Volvió a buscar en sus vaqueros desechados, encontró un condón en el bolsillo, abrió el paquete y se lo puso.

Observarlo era hipnótico, y me di cuenta de que no era la única que pensaba así: la atención de mi marido estaba clavada en la escena, sus ojos iban de mi coño desnudo al pene de Mitch. Estaba claro que no tenía que preocuparme: su pene estaba durísimo y su respiración era rápida y entrecortada.

—Joder—, le oí susurrar a mi lado.

Mitch me miró, con su mano acariciando lentamente su pene enfundado, y preguntó con los ojos: ¿está bien? Asentí con la cabeza y acerqué mis manos a él, una tirando de su hombro y la otra de su pecho. Su duro pezón hizo cosquillas en la palma de mi mano.

—Mitch…— Dije, sin aliento, con los ojos medio cerrados. Se inclinó hacia delante y la cabeza de su pene se introdujo entre los labios de mi coño. Mi cabeza cayó hacia atrás.

—Se siente tan bien, oh Dios, se siente tan bien—, gemí.

El grosor de su pene se hizo evidente de inmediato cuando la introdujo, estirándome un poco más de lo que estaba acostumbrada.

Los tres miramos el punto de entrada. Después de un momento, mi marido bajó la mano y las yemas de sus dedos conectaron con mi clítoris, e inició un lento círculo rítmico mientras Mitch se deslizaba más y más profundamente dentro de mí.

Mi marido se inclinó hacia mi oído, con su voz ronca y profunda. —Joder, nena. Estás tan jodidamente caliente ahora mismo, oh Dios mío—, dijo. Sus palabras me devolvieron a la realidad y me acerqué para coger su dura pene con la mano. La acaricié hacia arriba y hacia abajo con un agarre suelto mientras Mitch comenzaba un lento y constante movimiento de caricias propias, entrando y saliendo de mi húmedo coño.

—Quiero tu pene en mi boca—, le dije apresuradamente a mi marido.

Él no dudó: se puso de rodillas en el sofá junto a mí. Inclinándome hacia atrás con mis caderas en el borde del sofá, su posición arrodillada lo puso a la altura perfecta sobre mí. Su cálida y dura longitud se deslizó sobre mis labios, y mi lengua recorrió la cabeza de su pene.
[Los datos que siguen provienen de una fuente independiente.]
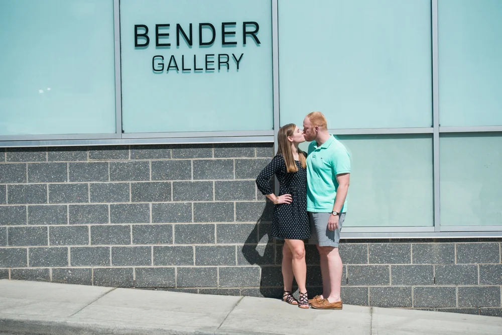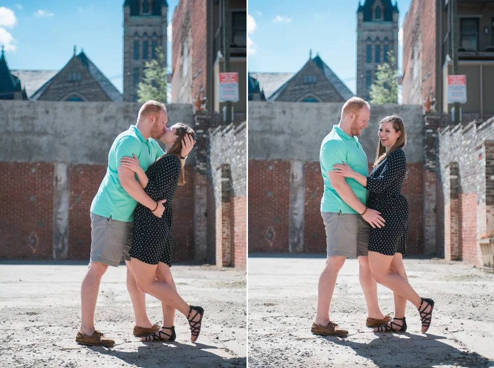 As a part of this "fun and local" themed shoot, I also wanted to include other people since downtown was packed with people. As we were shooting in this really cool abandoned lot with the church peaking out behind, a family happened to walk by in a line right at the perfect time to frame Ashli and Dustin's kissing. With the sun highlighting the couple and the boys drawing your eye through the scene, I couldn't be happier with this storytelling shot.

Ambos me penetraban a una velocidad casi idéntica: Mitch me follaba el coño mientras mi marido lo hacía en mi boca. La sensación era increíble, pero la idea era aún mejor. Sentía que mi cerebro iba a explotar antes que mi coño. Como si un orgasmo mental estuviera a punto de producirse antes de que mi cuerpo llegara a cualquier tipo de clímax físico.

Mitch me agarró de las caderas, haciendo palanca. Al mismo tiempo, la mano de mi marido rodeó la parte posterior de mi cabeza. Con la boca llena, no pude hacer más que gemir. Pero en mi cabeza, oí un flujo constante de maldiciones no pronunciadas.

Me di cuenta, por sus movimientos, de que ambos se estaban acercando, y bajé la mano para frotar las yemas de los dedos sobre mi clítoris. Cuando Mitch empezó a golpear con más fuerza, sentí que me acercaba al borde de una liberación masiva.

El impacto de mi estremecedor orgasmo golpeó a ambos de la misma manera. En una rápida sucesión, Mitch gruñó que iba a correrse y se enterró profundamente dentro de mí; mi marido, jadeando, se retiró de mi boca y se acarició hasta correrse sobre mi pecho desnudo.

Otra novedad: nunca lo había hecho. Claramente, estábamos creando nuevas reglas. Verle hacerlo me hizo sentir que me iba a correr de nuevo, y me sorprendió el redoblamiento de mi deseo.

Quería a los dos. Otra vez. Ahora mismo. Respirábamos con fuerza, temblando. Mitch se balanceaba mientras se retiraba lentamente de mí. —Oh, Dios mío—, dije.

—Eso fue…

—Sí—, dijo mi marido, con sorpresa en su voz.

—Mierda—. Mitch se recostó sobre sus talones y me sonrió.

—Ha sido genial—, dijo, y lanzo una breve carcajada. Su risa alivió el momento, y me llevé las manos a la cara, entre divertida, feliz y un poco tímida: las piernas abiertas, el coño todavía dolorido.

— ¿Otra vez?— dije, sonriendo.

—Sí, definitivamente—, respondió Mitch. —En… cinco minutos—.

—Creo que necesito diez. Al menos—, dijo mi marido.

—Está bien, si tengo que esperar—, dije, sonriendo.

—Entonces, ¿qué les parece la… doble penetración?—. Las cejas de mi marido se dispararon, y Mitch sonrió.

—Me parece un buen plan—, dijo. De uno en uno, ambos se inclinaron hacia delante. Mientras se turnaban para besarme, yo ya contaba los segundos para el segundo asalto.